*** Opening Input records ***

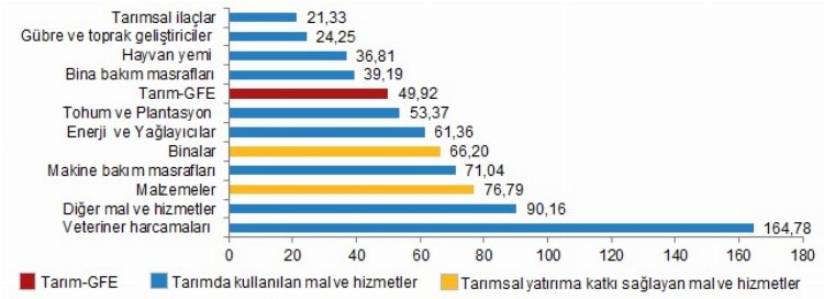 Ana gruplarda bir önceki aya göre, tarımda kullanılan mal ve hizmetler endeksinde yüzde 3,63 artış, tarımsal yatırıma katkı sağlayan mal ve hizmetler endeksinde yüzde 3,34 artış gerçekleşti. Bir önceki yılın aynı ayına göre göre tarımda kullanılan mal ve hizmetler endeksinde yüzde 46,51 artış, tarımsal yatırıma katkı sağlayan mal ve hizmetler endeksinde yüzde 75,27 artış gerçekleşti.
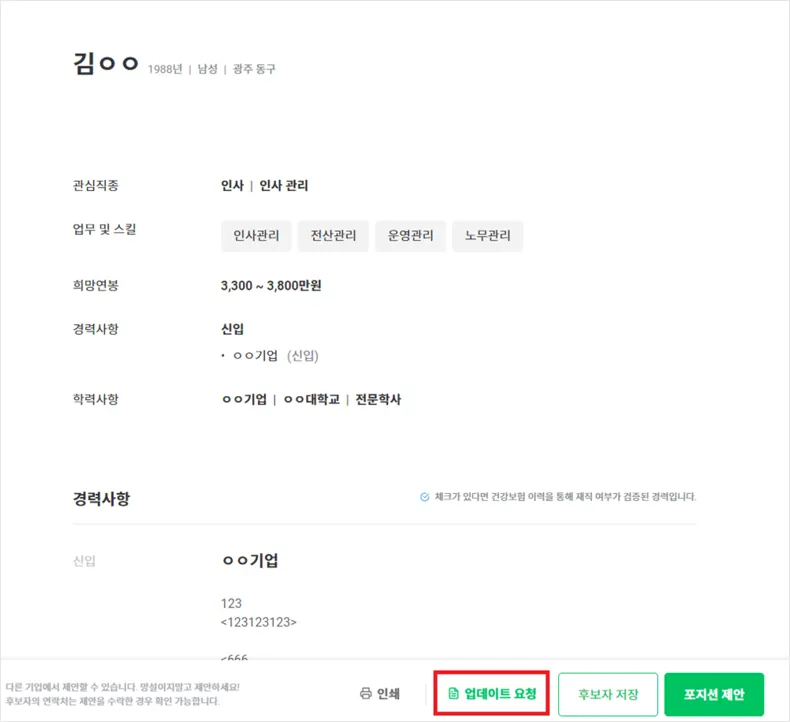 ▼ 인재 프로필 확인 시, 업데이트 요청 버튼 클릭하여 인재에게 이력서 업데이트 요청 가능
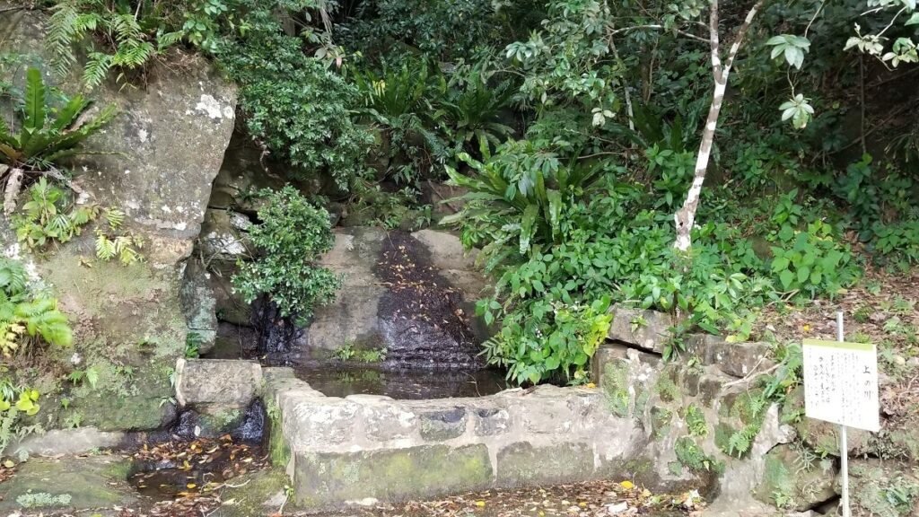 上の川は古くから船浮村の水瓶として人々の生命を守り、農業(稲作)を育んできた。炭鉱の時代(明治)には上の川の水は良質で療養に効果があるといって訪れる人が多かった。丸い水溜めは長い間洗濯のすすぎ場として使用されてきた。(看板より抜粋)
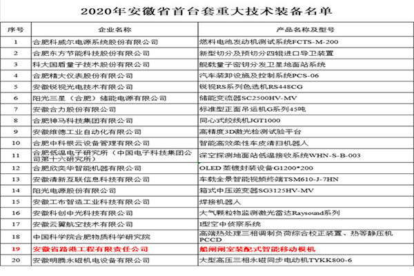 9月23日,省經(jīng)信廳正式公布2020年安徽省首臺(tái)套重大技術(shù)裝備認(rèn)定名單,安徽省路港工程有限責(zé)任公司申報(bào)的“船閘閘室裝配式智能移動(dòng)模機(jī)”(以下簡(jiǎn)稱“船閘移動(dòng)模機(jī)”)產(chǎn)品成功入選。
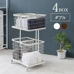 ランドリーワゴン+バスケット セット 2段 ランドリーラック ダブル ワイド キャスター付き 洗濯かご 洗濯カゴ 洗濯物入れ 洗濯物カゴ 脱衣かご 代引不可
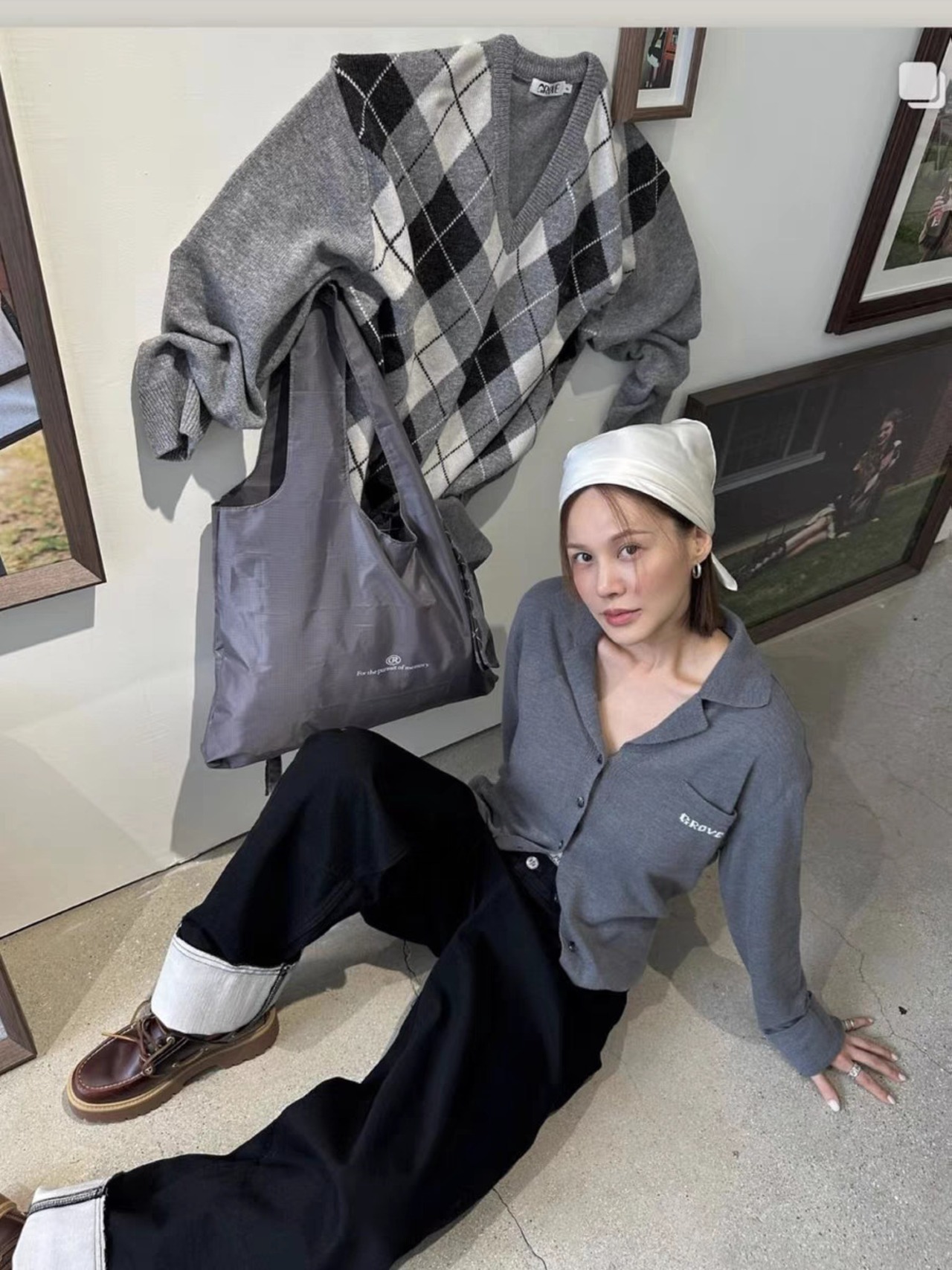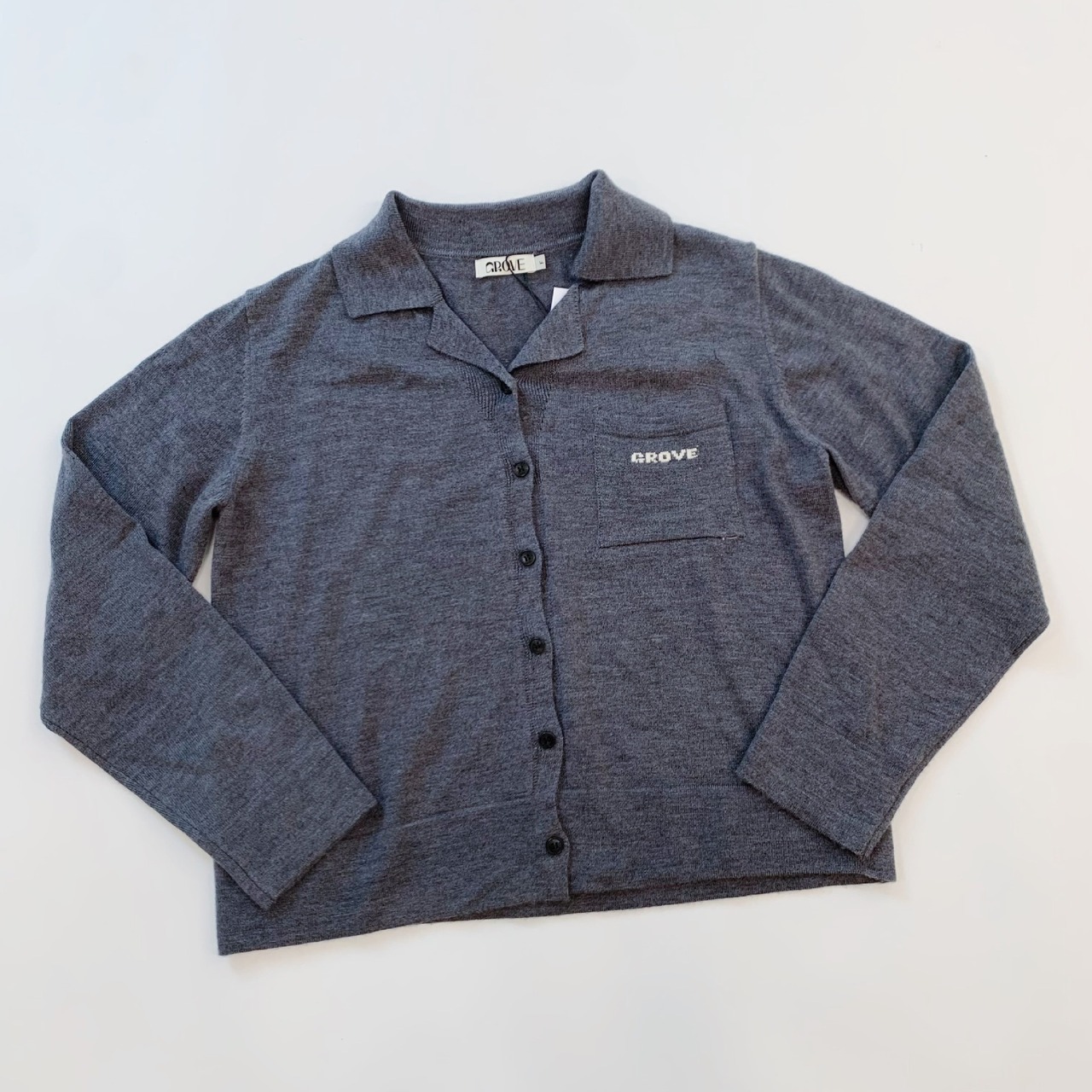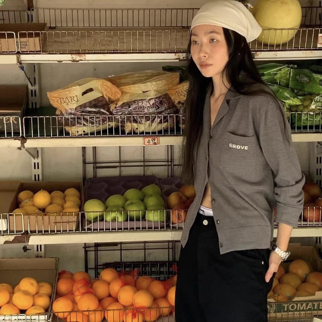 韓国ファッション 新作 GROVE グローブ カーディガン レディース CLUE V-NECK CARDIGAN GRAY
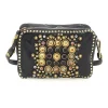 Ribes handbag in black garment-dyed cowhide leather with rhinestones
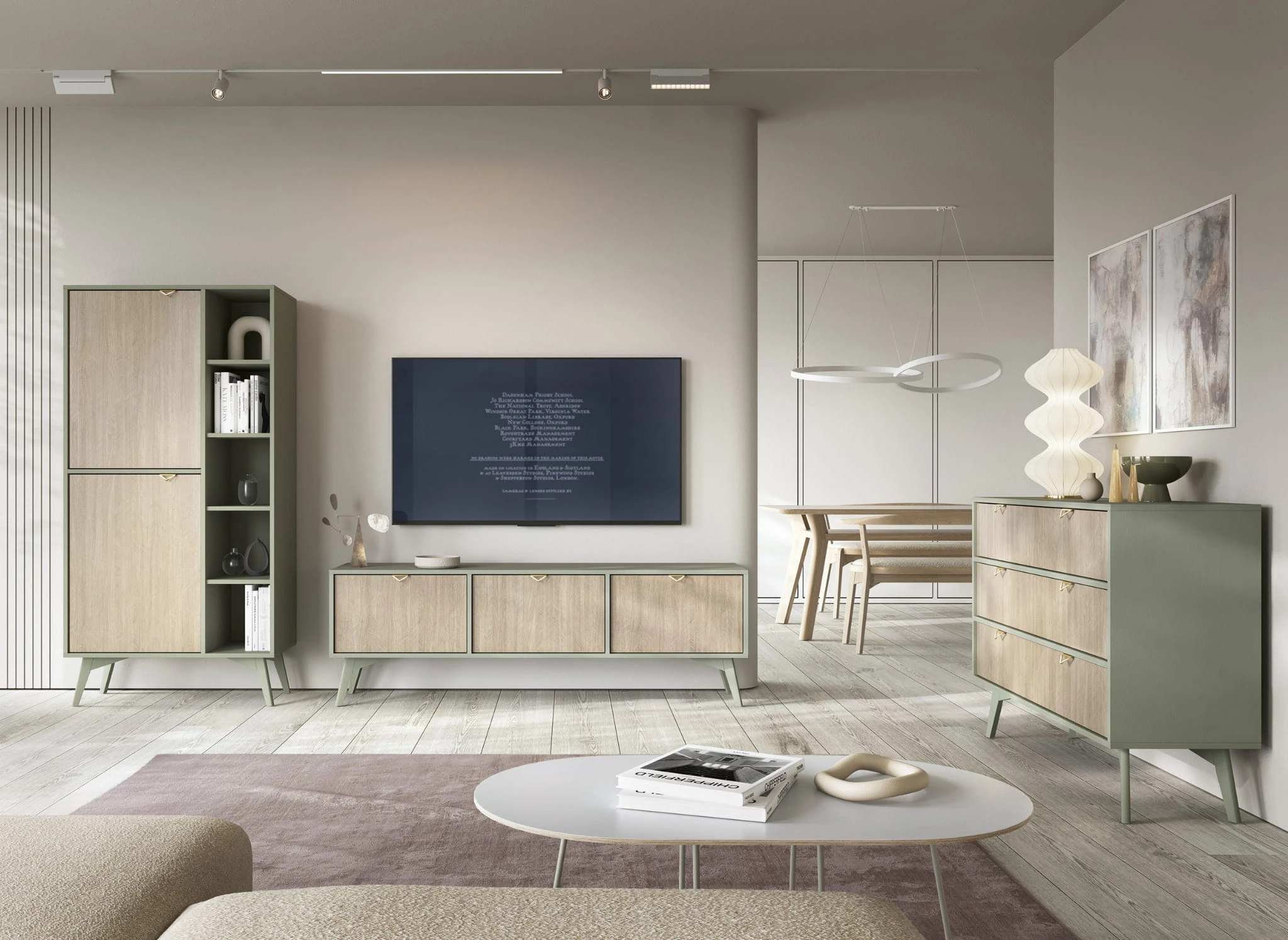 Meble OFELIA doskonale wpisują się w nowoczesne aranżacje salonu, styl skandynawski oraz japandi. W skład kolekcji wchodzą: funkcjonalne szafki RTV, pojemne komody, praktyczne witryny, a także regały i szafki do przechowywania, które pozwalają stworzyć spójną i estetyczną przestrzeń dzienną. Smukłe nóżki dodają lekkości bryłom, a przemyślane proporcje sprawiają, że meble do salonu OFELIA świetnie prezentują się zarówno w większych, jak i mniejszych wnętrzach.
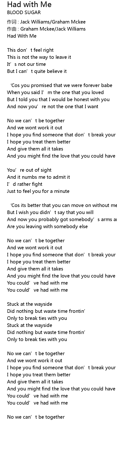 | 歌曲 | Had with Me |
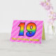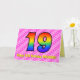 Este design de carta de saudação de 19 anos, festivo e feliz, tem uma frente com um grande número de "19", tendo um padrão colorido inspirado pelo aparecimento de um espectro arco-íris, em uma rosa claro alegre e formas cardíacas cor-de-rosa escuro como fundo listrado. A frente também apresenta a mensagem "Feliz 19 de aniversário", seguida de um nome de destinatário personalizado. O dentro apresenta uma mensagem de saudação de aniversário personalizada, ou talvez possa ser limpo e vazio à esquerda se uma mensagem for escrita à mão. Um cartão de aniversário personalizável como este pode ser uma forma divertida e feliz de reconhecer o 19º aniversário de alguém. [~Z0000418]

*** Closing Input records ***

▶ _What is expected_:
Write out exactly the lines from the line holding "Ribes handbag in" through the last line of the records above, inclusive, and nothing more. Leave out the pictures.

▶ _Written solution_:
 Ribes handbag in black garment-dyed cowhide leather with rhinestones
 Meble OFELIA doskonale wpisują się w nowoczesne aranżacje salonu, styl skandynawski oraz japandi. W skład kolekcji wchodzą: funkcjonalne szafki RTV, pojemne komody, praktyczne witryny, a także regały i szafki do przechowywania, które pozwalają stworzyć spójną i estetyczną przestrzeń dzienną. Smukłe nóżki dodają lekkości bryłom, a przemyślane proporcje sprawiają, że meble do salonu OFELIA świetnie prezentują się zarówno w większych, jak i mniejszych wnętrzach.
 | 歌曲 | Had with Me |
 Este design de carta de saudação de 19 anos, festivo e feliz, tem uma frente com um grande número de "19", tendo um padrão colorido inspirado pelo aparecimento de um espectro arco-íris, em uma rosa claro alegre e formas cardíacas cor-de-rosa escuro como fundo listrado. A frente também apresenta a mensagem "Feliz 19 de aniversário", seguida de um nome de destinatário personalizado. O dentro apresenta uma mensagem de saudação de aniversário personalizada, ou talvez possa ser limpo e vazio à esquerda se uma mensagem for escrita à mão. Um cartão de aniversário personalizável como este pode ser uma forma divertida e feliz de reconhecer o 19º aniversário de alguém. [~Z0000418]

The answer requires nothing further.